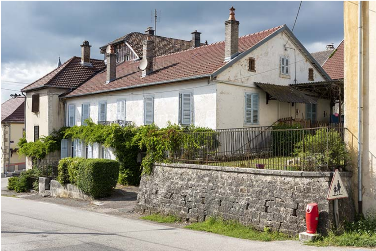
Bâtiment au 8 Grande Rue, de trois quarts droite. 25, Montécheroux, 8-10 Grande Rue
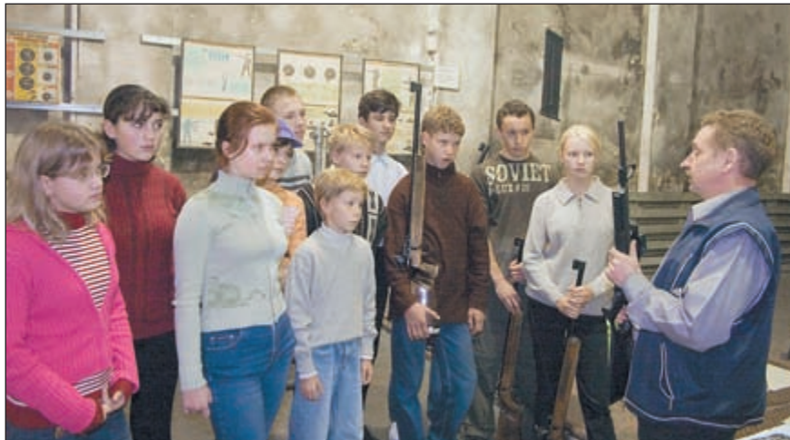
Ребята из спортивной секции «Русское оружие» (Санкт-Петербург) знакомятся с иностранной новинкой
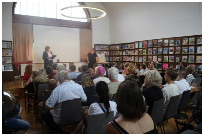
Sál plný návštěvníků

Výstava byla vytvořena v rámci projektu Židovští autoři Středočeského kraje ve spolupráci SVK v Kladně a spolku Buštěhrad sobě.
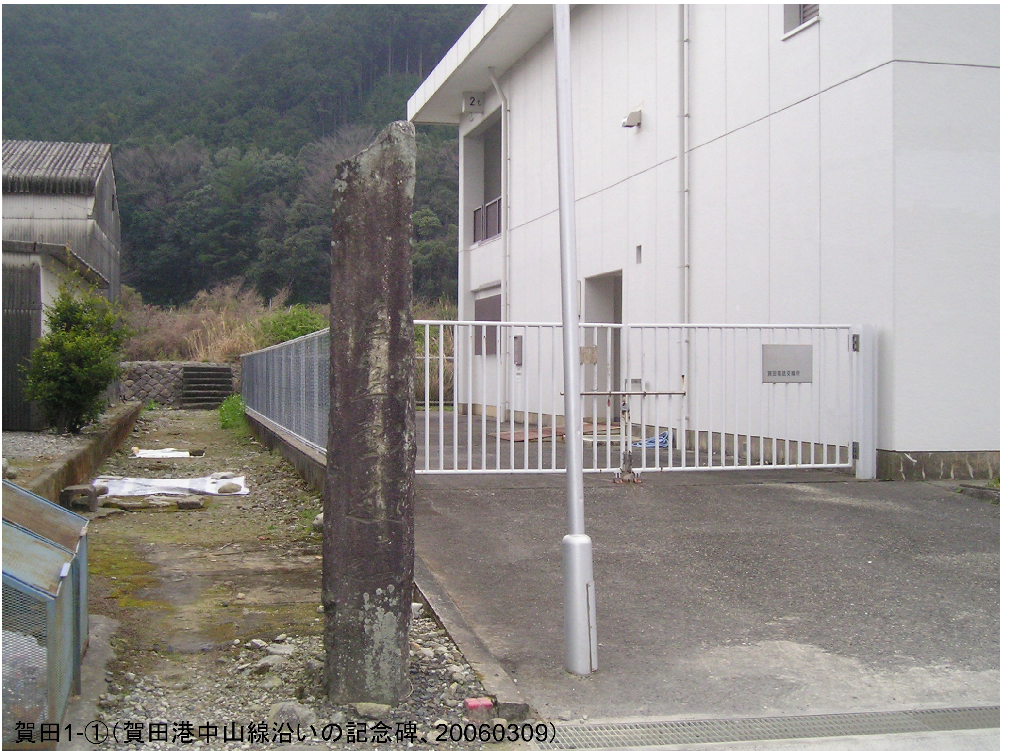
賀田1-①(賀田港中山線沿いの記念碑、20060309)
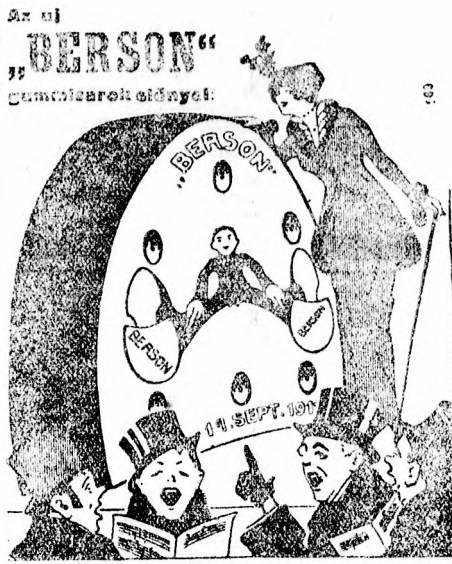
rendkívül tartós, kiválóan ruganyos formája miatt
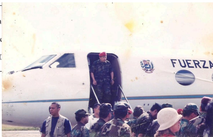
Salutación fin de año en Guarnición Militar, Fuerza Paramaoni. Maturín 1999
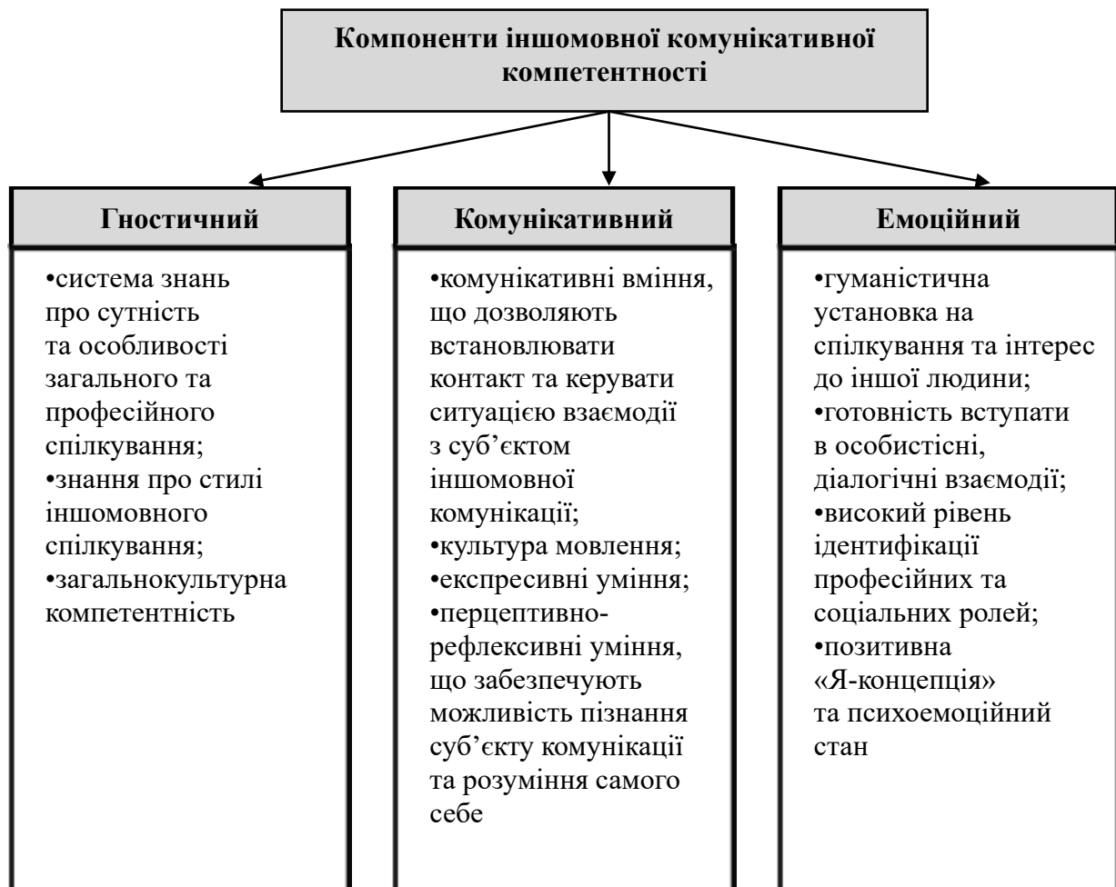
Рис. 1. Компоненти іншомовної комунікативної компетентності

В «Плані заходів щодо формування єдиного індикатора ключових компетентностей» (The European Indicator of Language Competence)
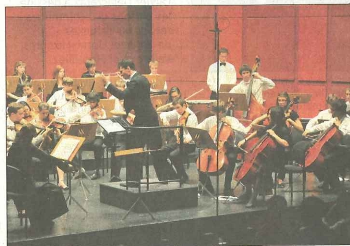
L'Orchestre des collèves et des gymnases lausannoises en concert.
════════════════
* [WHAT THE EXERCISE ASKS] Output nothing but the entries above, exactly, once the pictures are removed.

* [TASK OUTPUT]
Bâtiment au 8 Grande Rue, de trois quarts droite. 25, Montécheroux, 8-10 Grande Rue
Ребята из спортивной секции «Русское оружие» (Санкт-Петербург) знакомятся с иностранной новинкой
Sál plný návštěvníků

Výstava byla vytvořena v rámci projektu Židovští autoři Středočeského kraje ve spolupráci SVK v Kladně a spolku Buštěhrad sobě.
賀田1-①(賀田港中山線沿いの記念碑、20060309)
rendkívül tartós, kiválóan ruganyos formája miatt
Salutación fin de año en Guarnición Militar, Fuerza Paramaoni. Maturín 1999
Рис. 1. Компоненти іншомовної комунікативної компетентності

В «Плані заходів щодо формування єдиного індикатора ключових компетентностей» (The European Indicator of Language Competence)
L'Orchestre des collèves et des gymnases lausannoises en concert.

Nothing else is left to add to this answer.